Every lawyer we're talking to is saying no, but every one of us wants to get 
rid of them, so I expect us all to end up ignoring the lawyers.  The only 
reason we instituted them in the first place is because we were GPL'd, and we 
expected to either make commercial forks (which we didn't do) or switch 
licenses (which we did).

> 2) Drop the requirement for accounts on GitHub and Redmine.
> 
> Why can't I just `git send-email` patches to the mailing list, receive
> feedback on the mailing list, `git send-email` again, maintainer
> applies the patch.
> 
> Requiring to have a ticket/issue for every single code contribution
> does not make sense.
> 
> Look at all the steps and requirements for submitting a simple patch.
> There is a lot of back and forth, copying and pasting URLs on the
> ticket, etc.

I'm surprised to hear this.  I would expect that github would be dramatically 
easier for contribution than emailing or whatever.

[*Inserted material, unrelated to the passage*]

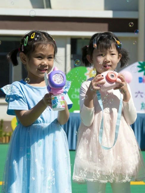 當(dāng)日,打扮成迪士尼童話里人物的老師們與盛裝打扮的小朋友們,共同手持泡泡機(jī),在晶瑩剔透的泡泡里一起沉浸在童話世界里。

I know that I personally never was able to extract patches from a mailing list, 
because I use IMAP, not mboxes.  Yes, I know I could do filtering, set up mutt 
explicitly for this, and relearn how to use it just for patches, but… I could 
also just go to github and see a clean, clear list with support for comments, 
email, and everything else I want.

I could see reducing to one account type, but I couldn't see us ever switching 
to email for patch management unless git changes its expectations of how people 
do email to include the actual internet.  No, I'm not bitter. :/

I'd prefer to have tools to automatically sync redmine and the pull requests, 
rather than getting rid of one.  We've done a lot of work there for syncing 
redmine and trello, for instance, but I don't think we've done much with github 
yet.

> 3) Develop and discuss stuff in public
> 
> You guys said a few days ago that Dashboard is getting axed and a new
> ENC is on the works. Well, would you mind to share what is being
> worked on? Design ideas? You might want to get some feedback early.

We do a lot of this, but we're mixed in how consistent we are.  Part of the 
reason is just the mixed bag of lots of us sitting in the same room - it's more 
expensive to communicate with people outside the building, so we tend to suck 
at it more than we should.

I will say that I'm still a bit gun-shy of posting all of our ideas publicly, 
at least anything other than stuff we're basically ready to work on now.  I'm a 
bit gun-shy for 2 reasons:  First, I do have some legitimate competitive 
concerns, but most importantly, it's a lot of work to get it all out there and 
there's questionable value.

That being said, we should obviously be more open about what we know we're 
going to work on and what we think we're going to build.  We just recently 
split dev teams so that our OSS developers are much more independent of the 
commercial teams, which means that they'll naturally start looking outward more.

In the short term, I'll commit that we'll publish the ENC stuff ASAP.  Note 
that I'm stepping out as a rogue CEO here and I've no idea of the actual 
consequences of my statement here, but it should clearly be open from the 
beginning.  Note, though, that we've been doing a lot of work already talking 
to as many people as possible about this, so it's not like we've been just 
doing all of the thinking inside our walls.

> How about before doing anything new, send to this list some simple
> RFCs. Look back at the first link of point 1, it is written there a
> great question: are you an open source _project_ or an open source
> _product_?

We should do way more here, I agree.

I don't actually know the difference between an open source project and an open 
source product.  It's all just free code on the internet, right?

> Bottom line:
> 
> Summing up points 1 and 2, it will continue to be hard to have new
> volunteers. New volunteers begin fixing typos, and all these
> requirements will never motivate new blood to come along and hack I
> include myself in this, mostly because of the CLA.

Just so I understand, is the problem with the CLA just a too-high barrier of 
entry, or is it that you don't agree to the terms?